You're right, it would really help with the spam and making sure that you find
the right product easily.

------
will_brown
For what it is worth I always had some thoughts on combining eBay (community
driven consumer to consumer framework) with craigslist (emphasis on the
"barter" section) with a little old school amazon vibe (focus on books,
movies, music, ect...)

1\. A user would create an account and register Book "A" and identify what
they are willing to trade for, say, Book "B" or Movie "A".

2\. Obviously, users could barter directly among themselves Book "A" for Book
"B". However, with a large enough community you could have algorithms suggest
trades on mass scale - now it is no longer User A trades Book "A" with User B
who has Book "B", but now User A can get Book "C" from User C and User C can
get Book "B" from User B and User B can get Book "A" from A. The algorithm
might conduct these large trades weekly or monthly.

3\. What if User "A" does not send Book "A"? The ebay like community will
encourage feed back and member rankings - allowing you to create settings to
only accept trades from people with "X" ranking.
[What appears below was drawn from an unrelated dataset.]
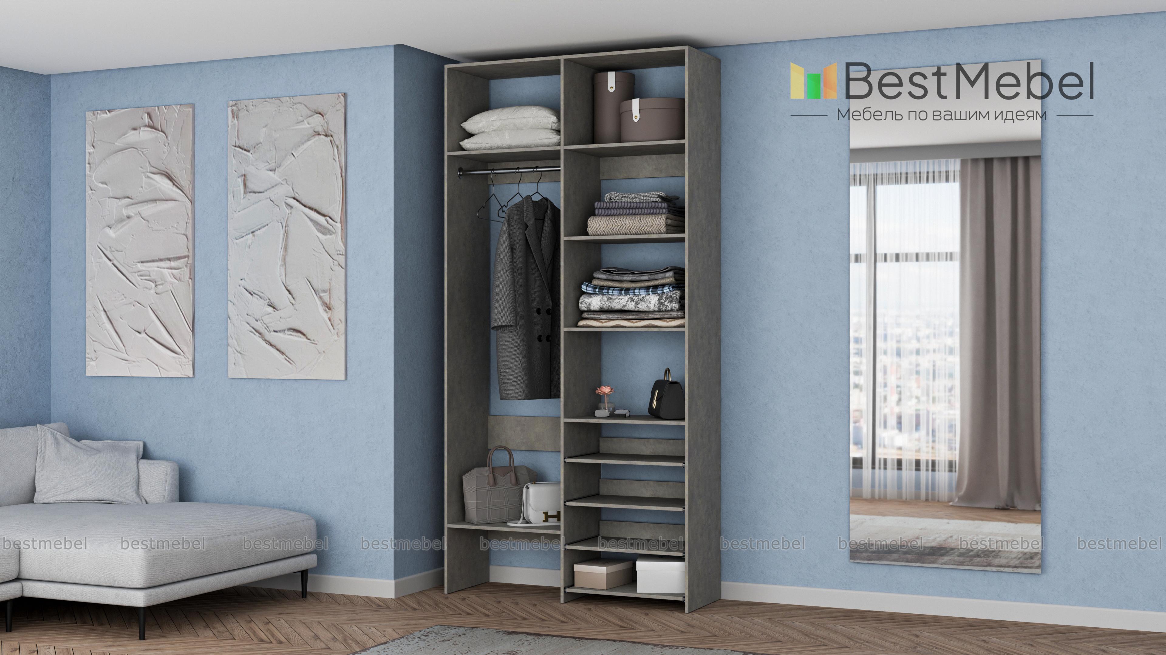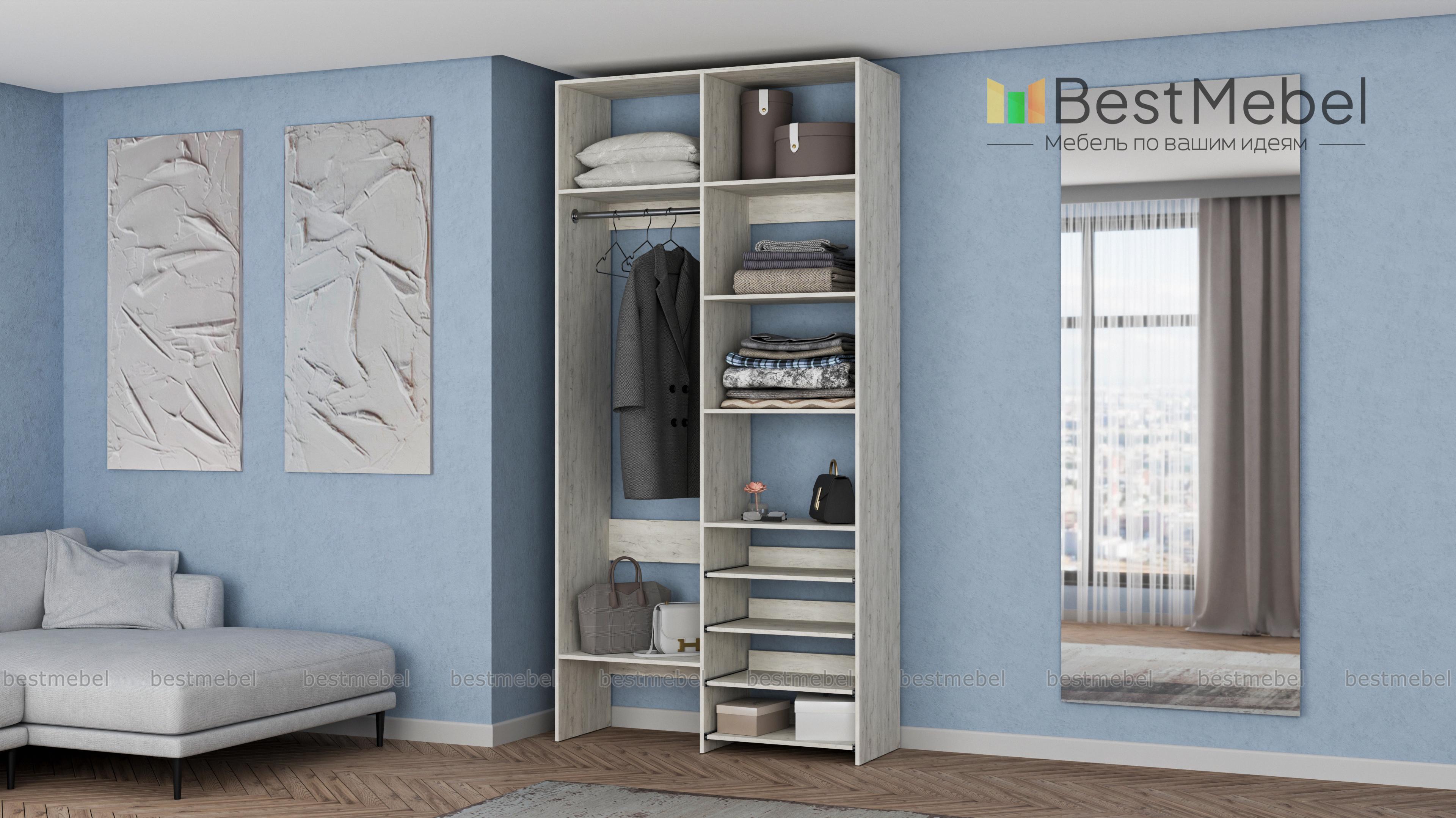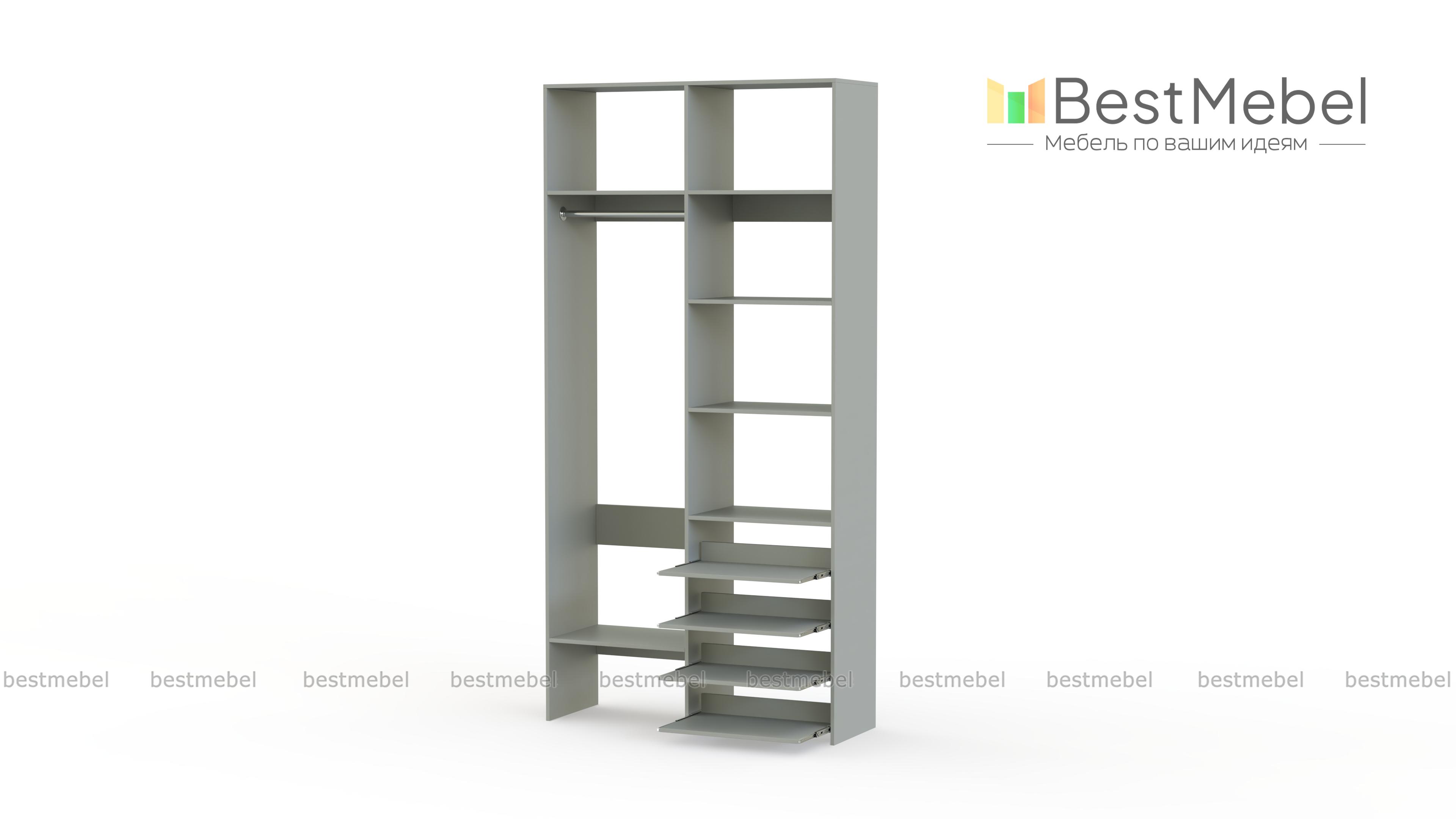 Стеллаж для одежды Мирта 79 BMS подойдет вам, если вещей немного. Компактная по ширине конструкция оборудована не только штангой для вешалок и стандартным набором бельевых полок, но и четырьмя выдвижными панелями. В нейтральном природном оттенке стеллаж выглядит современно, а простая форма хорошо вписывается в пространство. Купить стеллаж для одежды Мирта 79 BMS, изготовленный по индивидуальным размерам, вы всегда сможете на сайте нашего интернет-магазина.

Or in the short term - have
members put in a $10-$20 deposit that will be forfeited any user that does not
receive the trade.

------
klondike-5-3226
shameless plug to my own version that I made. I tried to add some innovation
to the auction process and a few other things. www.tradespring.net. You can
read more on the about page. Btw, if you are looking for a niche market, I
suggest coin trading/collection. There are no real good solutions for them out
there, although the were reluctant every time I tried to pitch tradespring

------
ig1
I'm not convinced there's a real problem that you're trying to solve here.
What's an example of something you were going to buy on Craigslist but didn't
because of trust issues ?

A substantial part of the second-hand car market is done via anonymous
classified, and they're probably the highest ticket item regularly sold on
classifieds.

The next tier down is probably electronics, bikes, etc. where a substantial
part of the market is stolen goods, where for obvious reasons the sellers
aren't going to want identification.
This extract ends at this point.